Two years ago, Gov. Scott Walker could call up his old friend, White House Chief of Staff Reince Priebus, with concerns about an issue or controversy involving their beloved Wisconsin.
A former Wisconsin Republican Party chairman, Priebus could even make sure Walker talked to President Trump, who called the Republican one of his “favorite” governors.
If he couldn’t reach Priebus, Walker might call House Speaker Paul Ryan, third in line to be president, about a Wisconsin issue. After all, Ryan had represented southeast Wisconsin for 18 years.
Or, state Assembly Speaker Robin Vos could try to reach Priebus, his roommate when both attended UW-Whitewater.
If the issue involved northwest Wisconsin, Republican U.S. Rep. Sean Duffy—a champion of Trump and a sound-bite favorite of cable TV news shows—could quickly get the White House’s attention.
Or Duffy, then chairman of an important U.S. House subcommittee, could network with other powerful GOP power brokers on a Wisconsin problem.
Another powerful House Republican, 5th District Rep. James Sensenbrenner, a lawmaker since 1979, could also be counted on for problem-solving advice.

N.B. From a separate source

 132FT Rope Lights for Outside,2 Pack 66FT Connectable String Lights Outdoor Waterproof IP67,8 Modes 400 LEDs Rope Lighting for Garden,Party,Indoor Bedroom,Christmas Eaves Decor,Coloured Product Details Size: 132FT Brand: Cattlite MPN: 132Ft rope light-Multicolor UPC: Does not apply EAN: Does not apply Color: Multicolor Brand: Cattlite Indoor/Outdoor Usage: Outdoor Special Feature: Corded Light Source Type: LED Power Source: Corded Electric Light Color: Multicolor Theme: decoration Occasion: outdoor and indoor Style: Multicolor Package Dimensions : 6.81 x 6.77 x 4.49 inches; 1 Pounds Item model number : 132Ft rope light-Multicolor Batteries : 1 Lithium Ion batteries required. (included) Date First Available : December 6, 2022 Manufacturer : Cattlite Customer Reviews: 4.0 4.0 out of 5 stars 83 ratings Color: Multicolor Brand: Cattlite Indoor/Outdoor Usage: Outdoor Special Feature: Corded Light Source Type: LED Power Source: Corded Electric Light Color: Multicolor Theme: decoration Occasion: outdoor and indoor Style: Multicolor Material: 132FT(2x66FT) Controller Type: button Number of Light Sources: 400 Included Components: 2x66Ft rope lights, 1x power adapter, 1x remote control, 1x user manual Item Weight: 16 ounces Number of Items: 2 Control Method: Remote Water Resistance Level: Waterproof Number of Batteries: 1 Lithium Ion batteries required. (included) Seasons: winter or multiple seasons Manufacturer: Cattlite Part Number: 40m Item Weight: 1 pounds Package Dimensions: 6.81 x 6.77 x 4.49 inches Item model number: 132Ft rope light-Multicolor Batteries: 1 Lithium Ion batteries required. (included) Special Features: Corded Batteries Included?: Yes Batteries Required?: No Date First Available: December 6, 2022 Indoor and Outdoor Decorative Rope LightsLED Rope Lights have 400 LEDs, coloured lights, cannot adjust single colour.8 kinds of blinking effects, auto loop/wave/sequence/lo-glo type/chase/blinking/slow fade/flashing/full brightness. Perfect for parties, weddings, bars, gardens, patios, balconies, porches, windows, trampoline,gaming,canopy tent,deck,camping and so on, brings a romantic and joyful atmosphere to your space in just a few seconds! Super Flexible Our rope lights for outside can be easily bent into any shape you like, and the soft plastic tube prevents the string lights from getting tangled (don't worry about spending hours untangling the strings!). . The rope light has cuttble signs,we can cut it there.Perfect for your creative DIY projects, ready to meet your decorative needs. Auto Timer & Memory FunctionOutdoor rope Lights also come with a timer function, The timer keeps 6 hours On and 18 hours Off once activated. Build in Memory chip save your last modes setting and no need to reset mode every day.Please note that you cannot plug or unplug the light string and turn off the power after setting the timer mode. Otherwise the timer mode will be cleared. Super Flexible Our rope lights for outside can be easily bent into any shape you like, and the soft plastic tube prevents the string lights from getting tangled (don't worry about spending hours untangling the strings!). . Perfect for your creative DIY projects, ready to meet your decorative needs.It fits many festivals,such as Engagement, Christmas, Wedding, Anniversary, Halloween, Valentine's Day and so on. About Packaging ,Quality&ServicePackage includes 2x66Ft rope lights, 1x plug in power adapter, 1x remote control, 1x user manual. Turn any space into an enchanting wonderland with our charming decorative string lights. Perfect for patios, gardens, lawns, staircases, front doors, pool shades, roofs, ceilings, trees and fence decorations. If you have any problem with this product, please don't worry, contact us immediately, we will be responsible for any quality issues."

What Wisconsin officials might call Washington leaders about could be waiving federal Medicaid rules to require healthy, childless recipients to work or get job training to keep getting benefits, or putting a time limit on their Medicaid benefits.
Or, could that disaster declaration after flooding in southwest Wisconsin be issued soon?

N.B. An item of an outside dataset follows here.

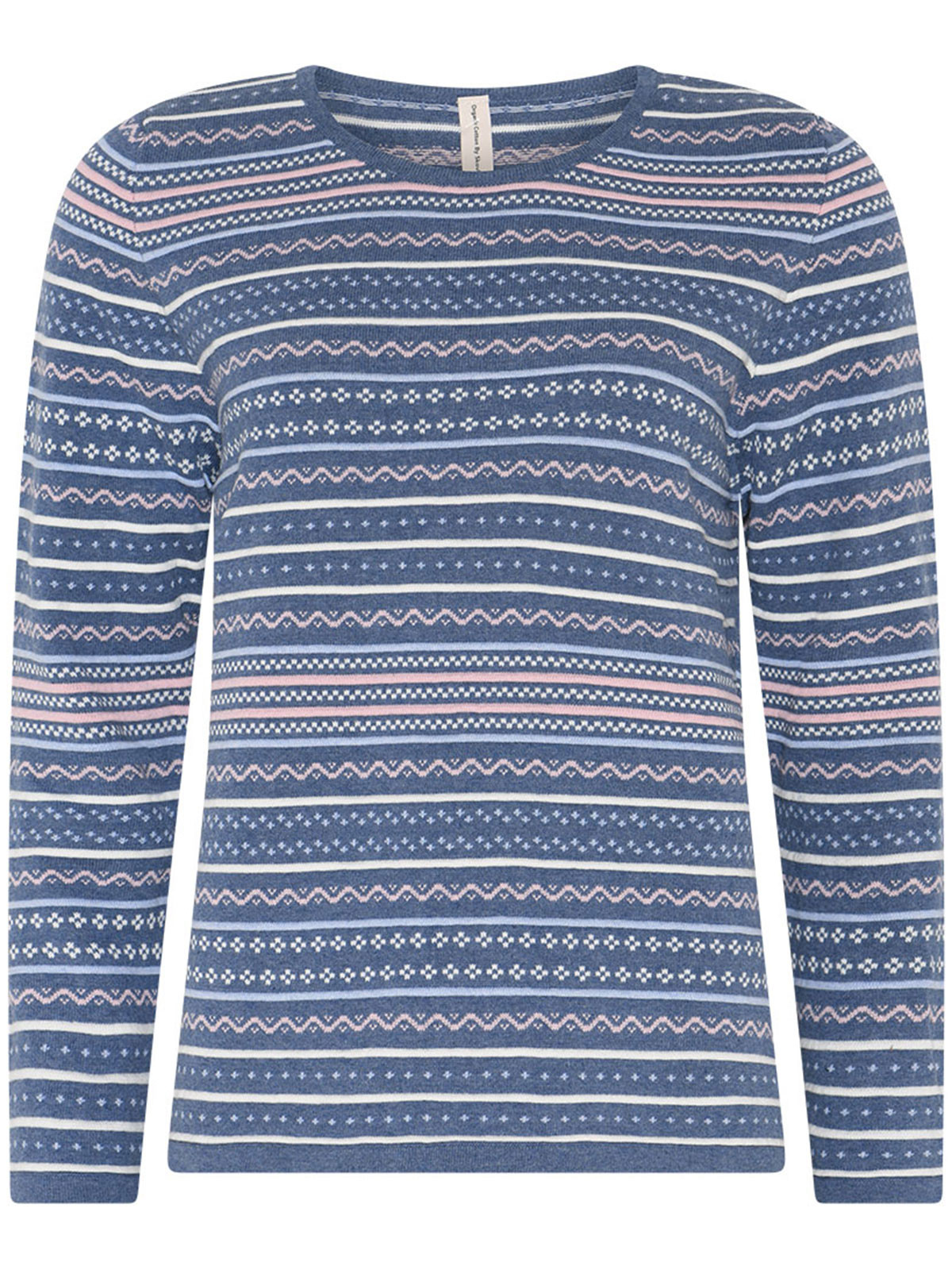 Den här finstickade tröjan har ett mjukt uttryck med ett diskret mönster i denimblått och rosa. Tröjan har en rak, bekväm passform med rund halsringning och lång ärm . 100% ekologisk bomull!
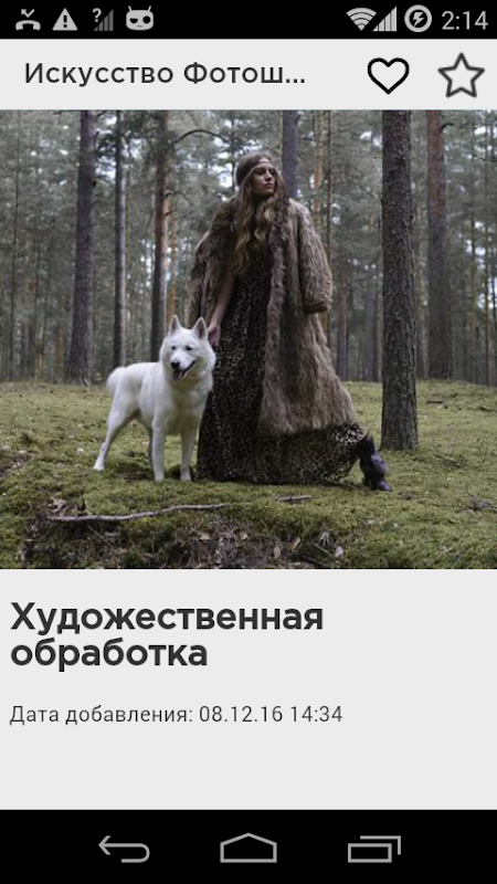 В приложении "Искусство Фотошопа" собрано огромное количество самых интересных материалов обработок фотографий, авторами, которых являются только опытные мастера. Приложение представляет собой фотоальбом, где можно найти каждому желающему интересные фотообработки. Все представленные работы имеют абсолютно разную тематику, с большим разрешением и в хорошем качестве.

When Wisconsin’s new governor, Democrat Tony Evers, or Republican legislative leaders seek help from Washington, there are no political levers to pull or chits to call in.
In a divided nation’s capitol—where Republicans control the White House and U.S. Senate, but Democrats control the House—there are no leaders to move Wisconsin’s problems to the top of any “to do” lists.
Wisconsin’s trifecta of GOP Washington fixers—Walker, Ryan and Priebus—are gone.
Walker lost his bid for a third term.
Ryan retired after a frustrating final term, apologizing as he left for soaring federal spending and deficits.
Trump fired Priebus in July 2017.
Sensenbrenner and Duffy lost their subcommittee chairmanships and all institutional power when Democrats won control of the House on Nov. 6.
Democratic House Speaker Nancy Pelosi, who replaced Ryan, owes Wisconsin’s five Republican members of the House nothing.
Of Wisconsin’s three House Democrats—Gwen Moore, of Milwaukee; Mark Pocan, of Madison, and Ron Kind, of La Crosse—Moore has worked with Pelosi the longest.
Kind has the most seniority of the three, but he again voted to not re-elect Pelosi as House speaker—votes the hardball-playing speaker will never forget or forgive.
Pocan is co-chair of the Congressional Progressive Caucus, but it is unclear how much clout that group will have in a divided Washington.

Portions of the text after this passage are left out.